Background - Long-QT Syndrome (LQTS) is a cardiovascular disorder characterized by prolongation of the QT interval on ECG and presence of syncope, seizures, and sudden death. Five genes have been implicated in Romano-Ward syndrome, the autosomal dominant form of LQTS: KVLQT1, HERG, SCN5A, KCNE1, and KCNE2. Mutations in KVLQT1 and KCNE1 also cause the Jervell and Lange-Nielsen syndrome, a form of LQTS associated with deafness, a phenotypic abnormality inherited in an autosomal recessive fashion. Methods and Results - We used mutational analyses to screen a pool of 262 unrelated individuals with LQTS for mutations in the 5 defined genes. We identified 134 mutations in addition to the 43 that we previously reported.

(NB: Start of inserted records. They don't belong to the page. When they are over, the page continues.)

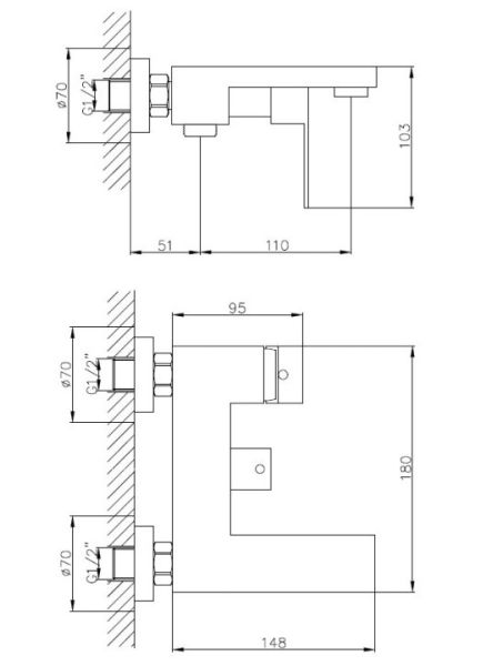 Керамический картридж 35 мм.Диаметр декоративных чашек 70 мм.Душевой гарнитур в комплекте.Межосевое расстояние (расстояние между выходом горячей и холодной трубы) 150 мм.Данное расстояние изменяется за счет входящих в комплект эксцентриков на 10 мм в большую или меньшую стороны.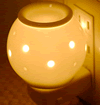 正面から見ると、ソケットが見えない円形です。明かりをつけると夜空とネコのやさしい光がお部屋を照らします。シンプルだけど、どこか可愛いネコのお月見アロマライト。 |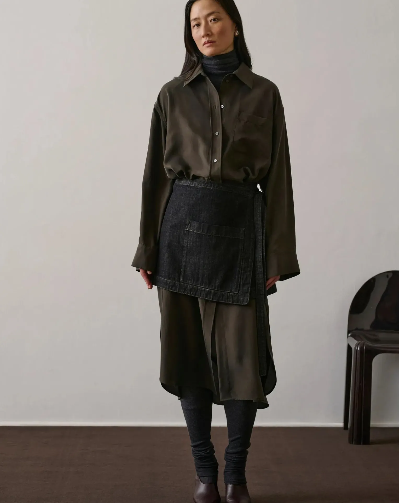 - Robe en soie lavée,Forme chemise, coupe oversize,Longueur cheville,Col chemise,Patte de boutonnahe
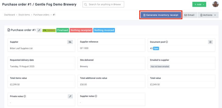 To add a new inventory receipt to an existing document pool, you simply need to associate it with a purchase order. You can do this by either selecting Generate inventory receipt from an existing finalised purchase order: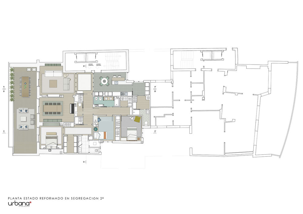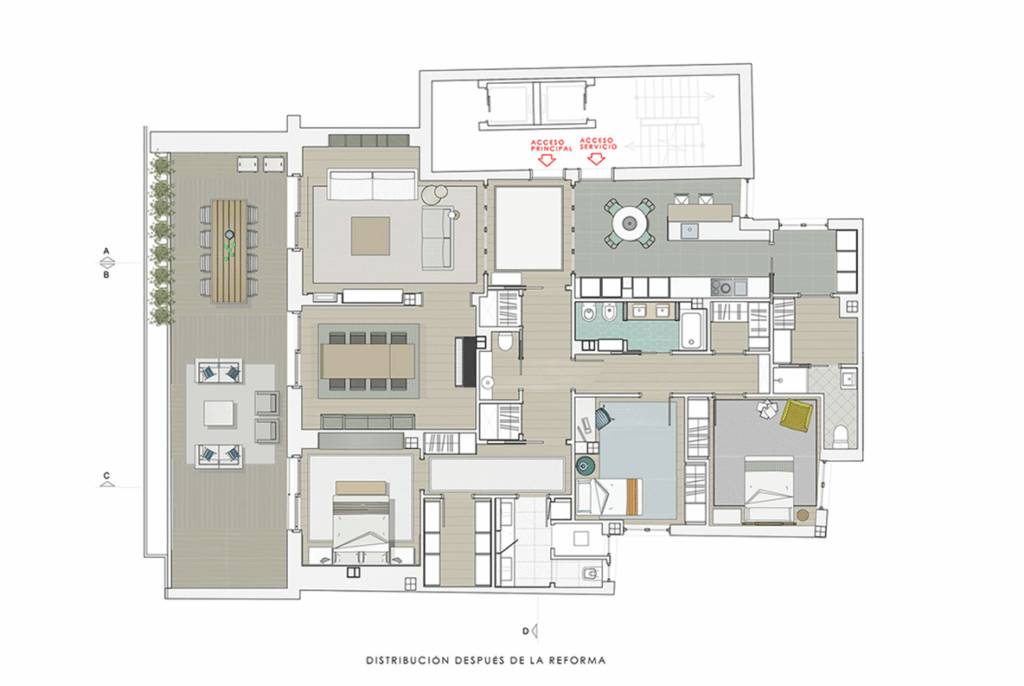 • Rediseño de la distribución para crear viviendas independientes y funcionales.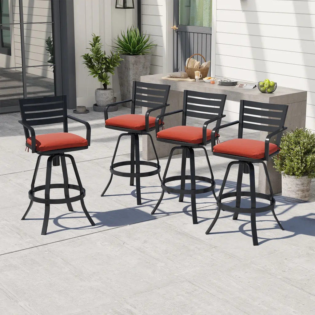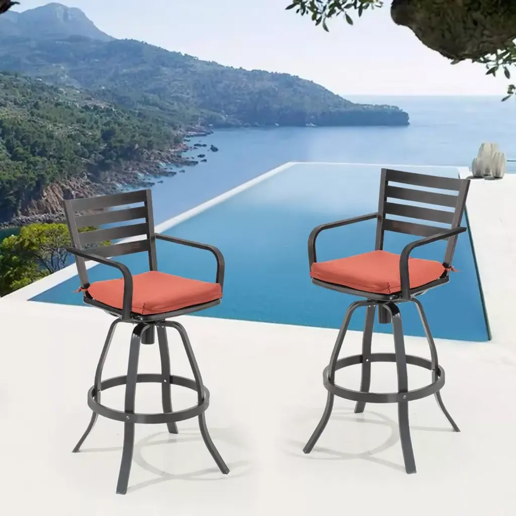 2Pk Outdoor Cast Aluminum Swivel Bar Stool With Cushion Red - Crestlive Products: Patio Dining & Bistro Chairs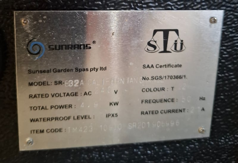 DISPLAY--CALI GRANDE 2800 * 2200 * 90Model: SR832 Californian GrandeRated Voltage: 240VTotal Power: 4.9KWWaterproof Level: IPX5No. SGS/170366/1.Colour T22Frequence: 50HzRated Current: 21AItem Code: TM423 10930 SR 201 906996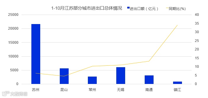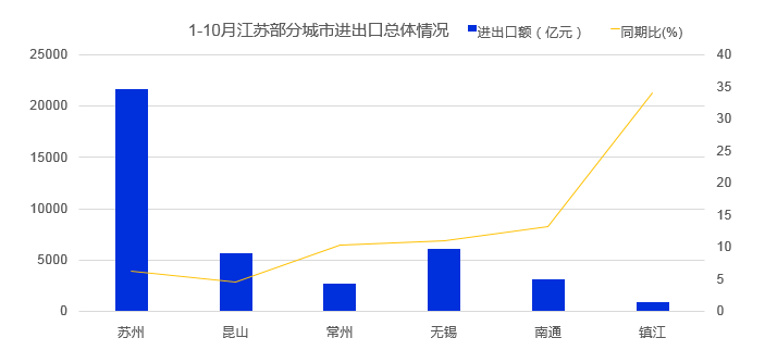 江苏:江苏省外贸进出口总值4.54万亿元,同比增长8.5%,占全国进出口总值13.1%。江苏部分城市中,苏州进出口总值最高,位列全国外贸规模领先城市第四位;镇江同比增速最快,达到34%,增速位居全省第一;南通、常州进出口总额分别位居全省第四、五位。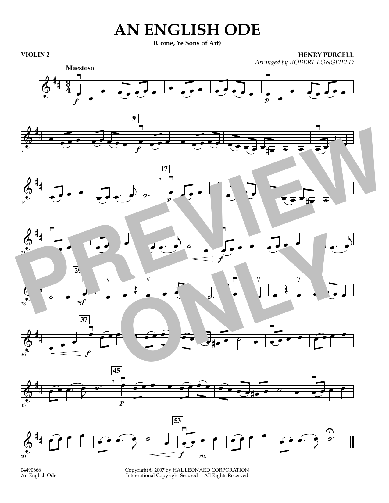 (Come, Ye Sons of Art) - Violin 2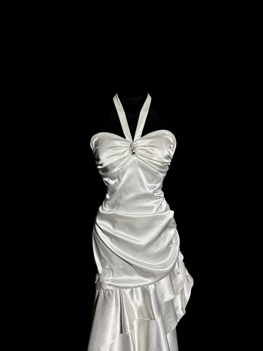 Mermaid Halter Satin High Low Evening Dress Prom Dresses SD2915 HZ0628
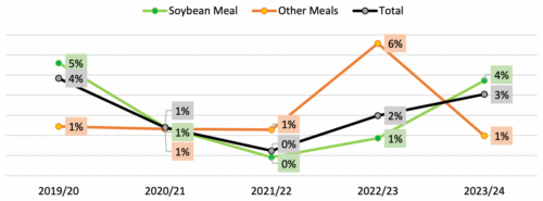 Прогнозируется, что мировое потребление соевого шрота вырастет на 4 процента в 2023/24 году при наличии достаточных запасов по сравнению с прогнозом роста на 1 процент на этот год. Ожидается, что на Китай будет приходиться почти треть роста мирового потребления после нескольких лет относительно неизменного потребления соевого шрота. Экспорт, по прогнозам, вырастет на 6 процентов благодаря восстановлению производства сои в Аргентине после улучшения перспектив производства сои и увеличения поставок в США и Бразилии. Прогнозируется, что доля Аргентины в мировой торговле вырастет в 2023–2024 годах, но останется значительно ниже среднего показателя за 5 лет из-за усиления конкуренции со стороны Бразилии и США.
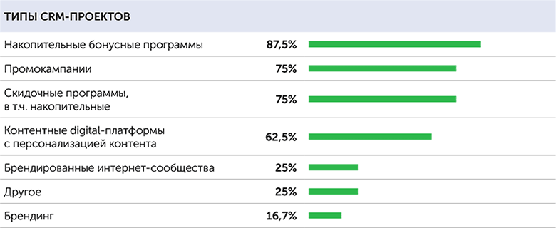 При опросе участников рынка чётко выделяются три основных типа проектов, на которые ориентируются создатели CRM-маркетинговых платформ. Это: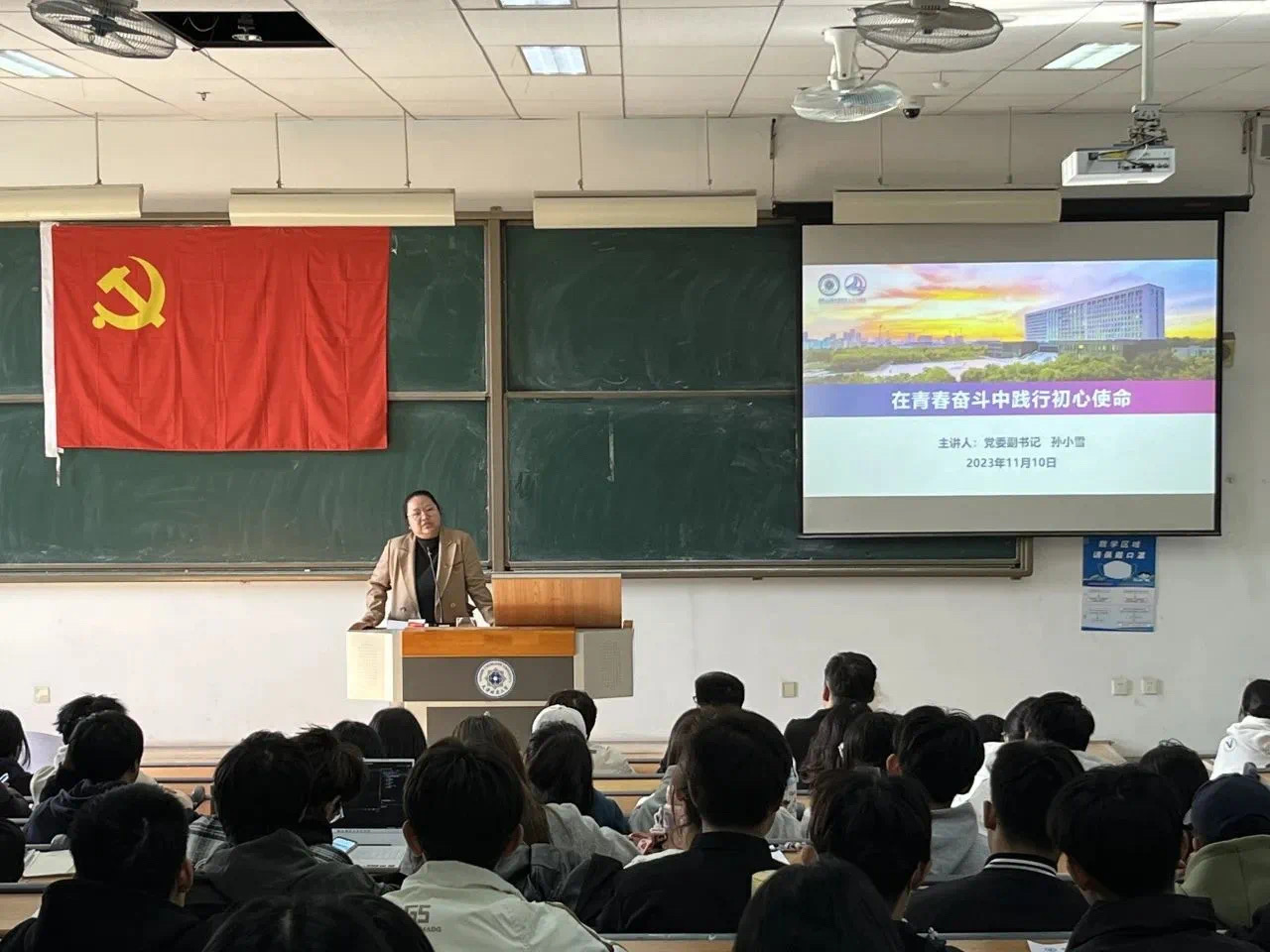 11月10日,孙小雪老师以“在青春奋斗中践行初心使命”为主题,为员工讲授主题党课。她强调了端正入党动机的重要性,引导员工深入思考“为什么要加入中国共产党”“什么是正确的入党动机”,并对员工提出三点要求:一是要在学业上严格要求自己,争取做到学有所成、学有所获、学有所用;二是要有主动担当的意识和责任,践行服务宗旨,努力“走在先、干在前、作表率”;三是要争做“知识足、眼界宽、能力强”的青年学子,依靠“不懈奋斗”开启青春岁月,在躬行实践中诠释初心使命。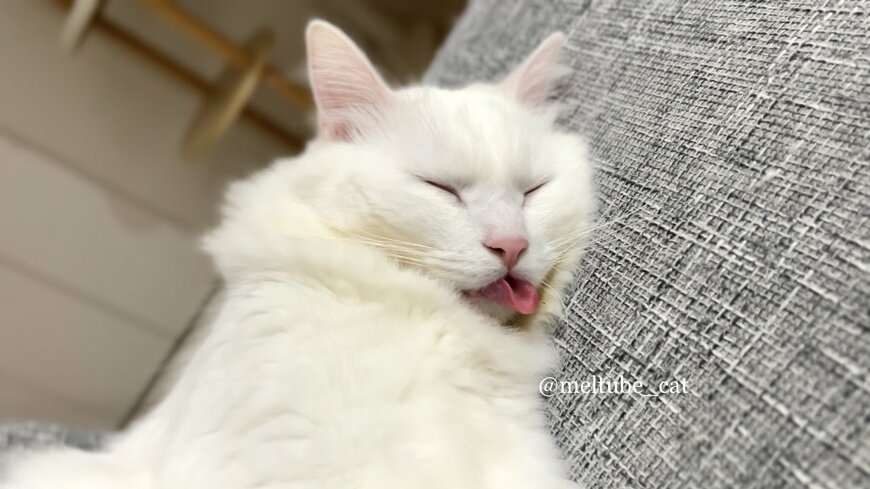 ビロンと出た舌に笑っちゃう……!愛くるしい寝顔の猫さんが話題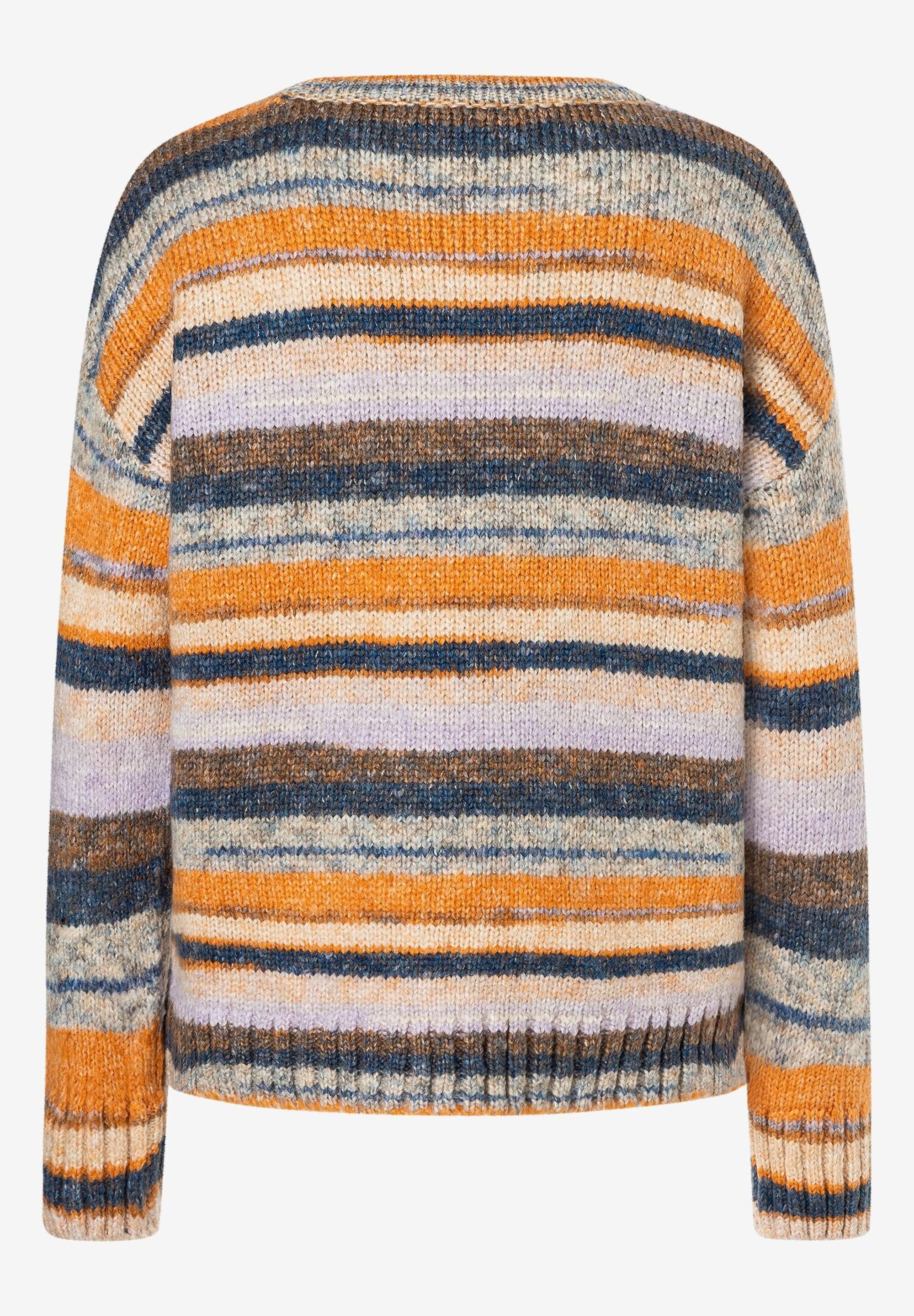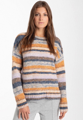 Пушистый, мягкий свитер с разноцветными полосками. Повседневный фасон со спущенными плечами, круглый вырез, длинный рукав. Ребристые манжеты на подоле и манжетах. Длина по размеру 42 - 58 см.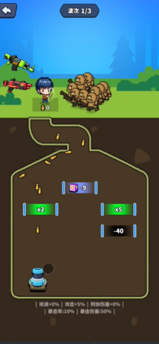 2、第一波防守,迎击首波简单敌人,适应射击节奏,同时收集击败敌人掉落的金币和弹药,熟悉不同敌人的移动模式和弱点。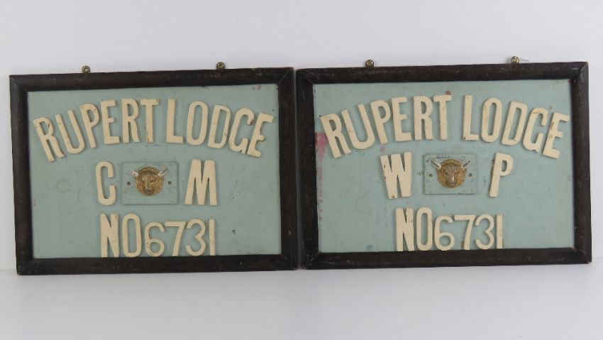The Royal Antediluvian Order of Buffaloes (RAOB); A pair of Rupert Lodge 6731 signs for the WP and the CN, each measuring 44.5 x 31cm. Provenance: From the collection of a member of various lodges since 1980s.

Eighty of the mutations were novel. The total number of mutations in this population is now 177 (68% of individuals). Conclusions - KVLQT1 (42%) and HERG (45%) accounted for 87% of identified mutations, and SCN5A (8%), KCNE1 (3%), and KCNE2 (2%) accounted for the other 13%. Missense mutations were most common (72%), followed by frameshift mutations (10%), in-frame deletions, and nonsense and splice-site mutations (5% to 7% each). Most mutations resided in intracellular (52%) and transmembrane (30%) domains; 12% were found in pore and 6% in extracellular segments. In most cases (78%), a mutation was found in a single family or an individual.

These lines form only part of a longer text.